[Stored data entries]
──────────────────────────────

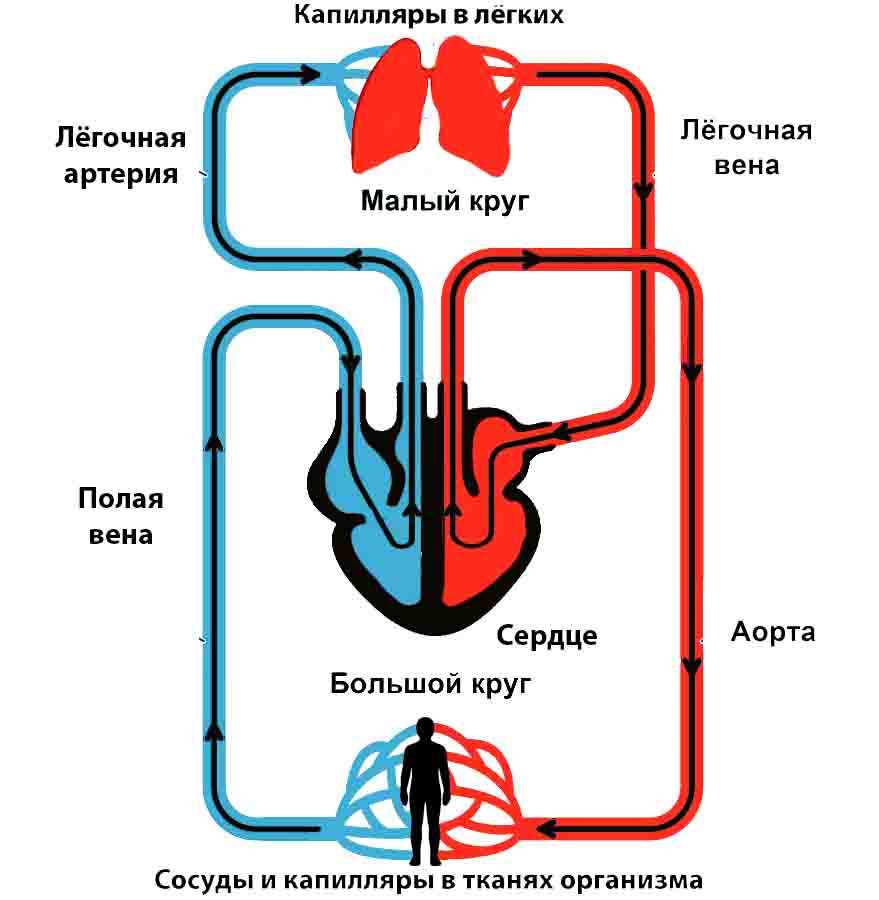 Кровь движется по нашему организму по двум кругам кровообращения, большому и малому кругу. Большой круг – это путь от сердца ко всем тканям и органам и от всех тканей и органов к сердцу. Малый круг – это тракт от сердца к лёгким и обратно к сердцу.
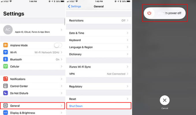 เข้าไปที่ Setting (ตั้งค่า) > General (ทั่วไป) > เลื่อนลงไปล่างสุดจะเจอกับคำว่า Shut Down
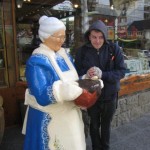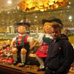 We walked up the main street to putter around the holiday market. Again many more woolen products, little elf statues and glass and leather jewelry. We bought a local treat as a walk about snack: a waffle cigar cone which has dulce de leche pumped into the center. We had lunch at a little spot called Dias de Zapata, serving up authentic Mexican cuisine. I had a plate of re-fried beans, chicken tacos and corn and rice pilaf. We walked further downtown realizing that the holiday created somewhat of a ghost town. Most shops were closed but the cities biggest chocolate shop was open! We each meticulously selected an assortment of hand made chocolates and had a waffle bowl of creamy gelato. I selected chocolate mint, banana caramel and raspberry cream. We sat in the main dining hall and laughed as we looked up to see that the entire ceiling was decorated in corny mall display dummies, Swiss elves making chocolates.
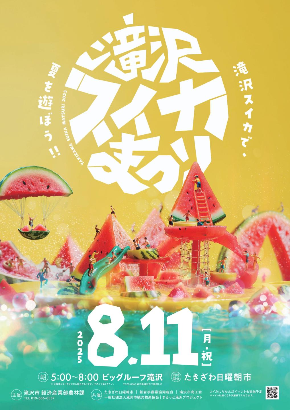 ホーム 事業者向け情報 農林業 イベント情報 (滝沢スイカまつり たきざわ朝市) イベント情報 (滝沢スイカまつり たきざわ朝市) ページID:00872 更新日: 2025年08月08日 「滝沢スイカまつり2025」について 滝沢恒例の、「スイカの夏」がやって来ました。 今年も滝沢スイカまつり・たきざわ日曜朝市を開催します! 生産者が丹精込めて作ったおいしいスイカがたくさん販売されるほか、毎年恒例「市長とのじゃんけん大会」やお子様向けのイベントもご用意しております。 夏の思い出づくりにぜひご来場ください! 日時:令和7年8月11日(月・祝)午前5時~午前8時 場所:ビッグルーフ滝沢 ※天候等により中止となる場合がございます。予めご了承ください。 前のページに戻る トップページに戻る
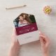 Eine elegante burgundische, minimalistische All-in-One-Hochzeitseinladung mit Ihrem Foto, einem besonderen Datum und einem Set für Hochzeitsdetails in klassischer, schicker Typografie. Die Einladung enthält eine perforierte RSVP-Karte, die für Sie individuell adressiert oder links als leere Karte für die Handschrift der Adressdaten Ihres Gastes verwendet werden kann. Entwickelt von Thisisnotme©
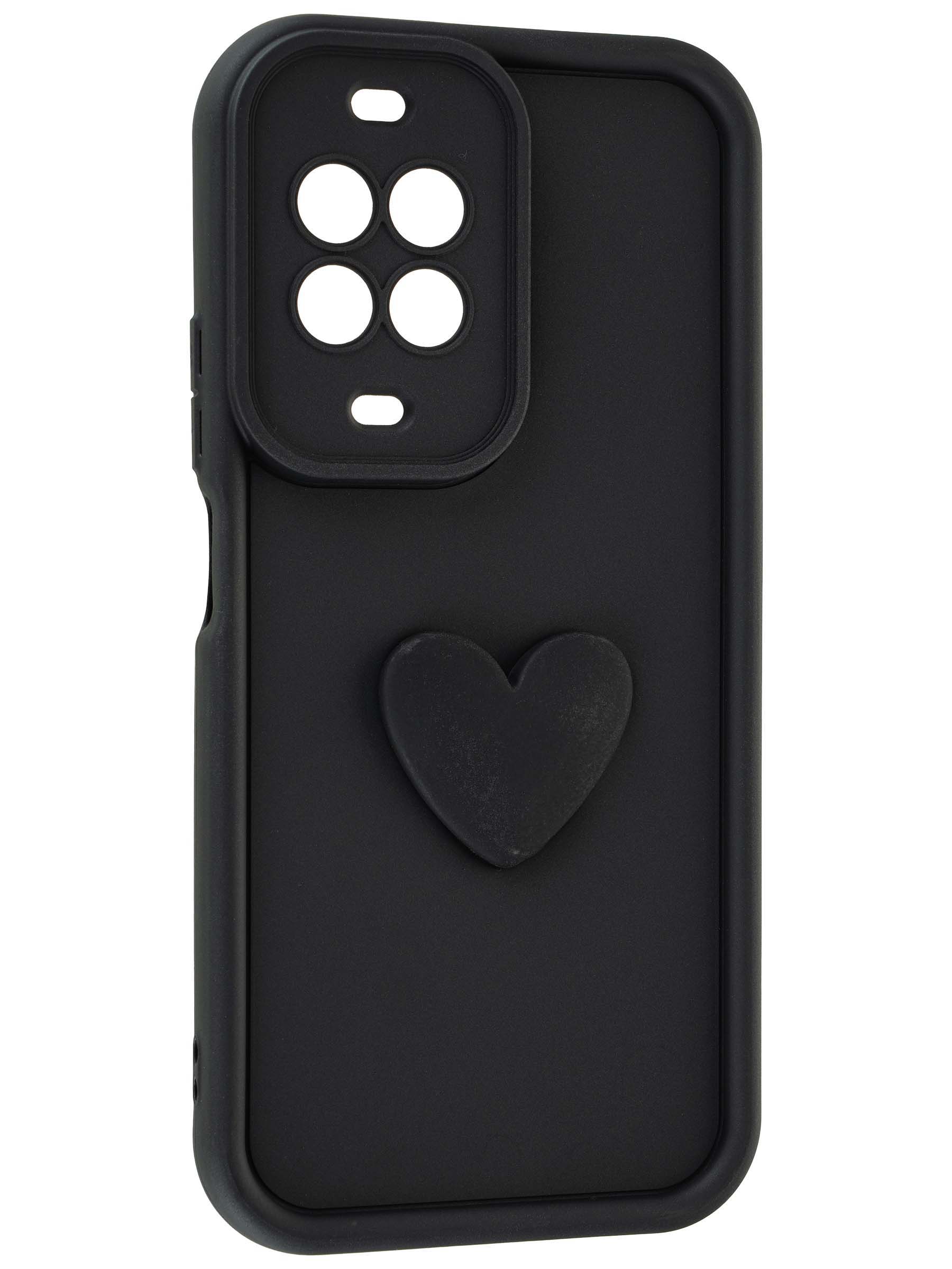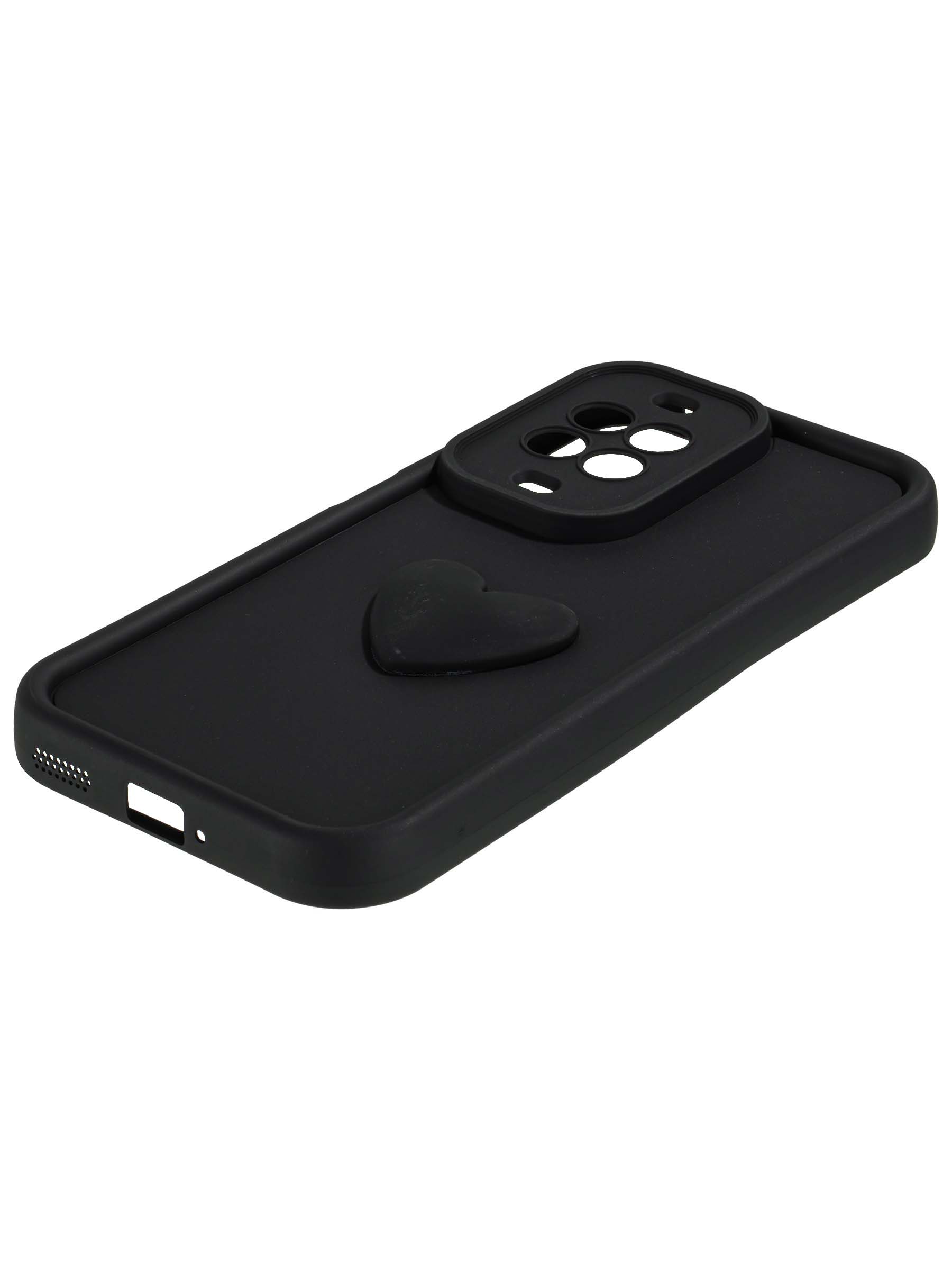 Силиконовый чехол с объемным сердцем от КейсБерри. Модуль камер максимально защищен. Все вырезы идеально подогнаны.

──────────────────────────────

ASSIGNMENT: Repeat exactly, please: transcribe each entry and leave out the pictures.

SOLUTION TO THIS EXERCISE:
 Кровь движется по нашему организму по двум кругам кровообращения, большому и малому кругу. Большой круг – это путь от сердца ко всем тканям и органам и от всех тканей и органов к сердцу. Малый круг – это тракт от сердца к лёгким и обратно к сердцу.
 เข้าไปที่ Setting (ตั้งค่า) > General (ทั่วไป) > เลื่อนลงไปล่างสุดจะเจอกับคำว่า Shut Down
 We walked up the main street to putter around the holiday market. Again many more woolen products, little elf statues and glass and leather jewelry. We bought a local treat as a walk about snack: a waffle cigar cone which has dulce de leche pumped into the center. We had lunch at a little spot called Dias de Zapata, serving up authentic Mexican cuisine. I had a plate of re-fried beans, chicken tacos and corn and rice pilaf. We walked further downtown realizing that the holiday created somewhat of a ghost town. Most shops were closed but the cities biggest chocolate shop was open! We each meticulously selected an assortment of hand made chocolates and had a waffle bowl of creamy gelato. I selected chocolate mint, banana caramel and raspberry cream. We sat in the main dining hall and laughed as we looked up to see that the entire ceiling was decorated in corny mall display dummies, Swiss elves making chocolates.
 ホーム 事業者向け情報 農林業 イベント情報 (滝沢スイカまつり たきざわ朝市) イベント情報 (滝沢スイカまつり たきざわ朝市) ページID:00872 更新日: 2025年08月08日 「滝沢スイカまつり2025」について 滝沢恒例の、「スイカの夏」がやって来ました。 今年も滝沢スイカまつり・たきざわ日曜朝市を開催します! 生産者が丹精込めて作ったおいしいスイカがたくさん販売されるほか、毎年恒例「市長とのじゃんけん大会」やお子様向けのイベントもご用意しております。 夏の思い出づくりにぜひご来場ください! 日時:令和7年8月11日(月・祝)午前5時~午前8時 場所:ビッグルーフ滝沢 ※天候等により中止となる場合がございます。予めご了承ください。 前のページに戻る トップページに戻る
 Eine elegante burgundische, minimalistische All-in-One-Hochzeitseinladung mit Ihrem Foto, einem besonderen Datum und einem Set für Hochzeitsdetails in klassischer, schicker Typografie. Die Einladung enthält eine perforierte RSVP-Karte, die für Sie individuell adressiert oder links als leere Karte für die Handschrift der Adressdaten Ihres Gastes verwendet werden kann. Entwickelt von Thisisnotme©
 Силиконовый чехол с объемным сердцем от КейсБерри. Модуль камер максимально защищен. Все вырезы идеально подогнаны.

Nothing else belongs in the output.